Another criteria of classification in Art History are structural analogies between compositions (Gombrich, 1960). Structure of the composition is understood here in a geometrical sense, with the reoccurrence of similar geometrical patterns in various paintings. The formal analysis of paintings have classically focused on such kinds of structural similarity (Focillon 1964; Didi-Huberman 1996).
The The Gallery of Archduke Leopold painted by David Teniers the younger, in 1639, is also known to have four different variants.

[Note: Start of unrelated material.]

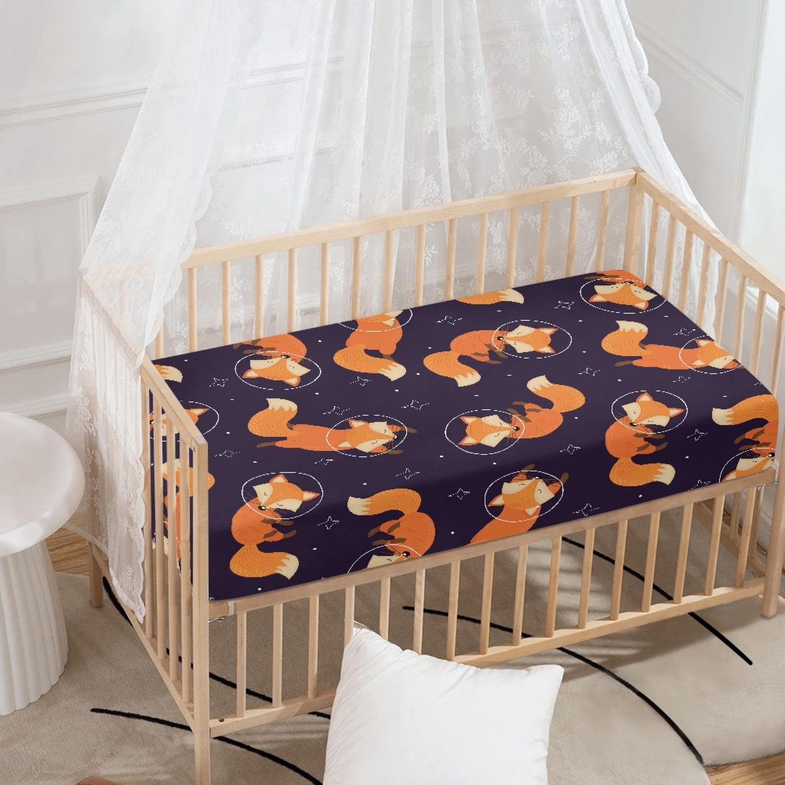 как выглядит Red Fox Animals Fitted Crib Sleeping Fox Baby Crib Fit Standard Crib and Matt... фото

This painting is considered a reference of a long tradition of paintings subjects featuring cabinet of art lovers and collectors, a well studied genre (Findlen 1996; van der Veen 1993). A single query returns variations of the same painting (Staatsgalerie Schleissheim, Münich; Prado, Madrid; Kunsthistorisches Museum, Wien), but also painting featuring squares within squares (Fig. 3). For instance on The Ambassadors depart by Vittore Carpaccio and Baptism of St Libertus by Colijn de Coter, squares are on the floor or on the wall. To refine further our search and find the “good neighborliness” (Warnke 2000; Freedberg 1989) of David Teniers structure, we can try to exclude these two examples by subtracting them to the initial query. Results of such a query exclude now interior scenes featuring geometrical squares but now include various scenes of the Passion of the Christ organized as sequences of “squares”, non featuring any elements in perspective (Fig. 4). In a third attempt, we can now exclude those by substracting them to the initial query and reinforce the focus on search by adding variant of the first painting by Teniers. Indeed, all the first results feature now paintings with galleries of collectors with examples of the most important authors of the genre, thus facilitating the study of their mutual influence (Fig. 5).
Pattern recognition methods have made extremely impressive progresses in the recent years, thanks to the advances of convolutional neural network and the advent of very large databases of images. As Art History deals with the study of the migration of patterns, this is surely a great opportunity for designing new tools to search through large databases of paintings photographs. This paper is a first examination of the typologies of search use cases that could be envisioned combining convolutional neural network features and simple algebraic formulas. This initial study illustrates that this new way of expressing queries allows for the incremental definition of various kinds of “similarities” between paintings. Convolutional neural networks features manage to capture many dimensions of similarity between paintings, including composition, colors and also common iconographic elements. Combined with a simple language for expressing the specificity of the traits that the user looks for, it could enable new powerful search tools that may in turn have important impact on history of art studies.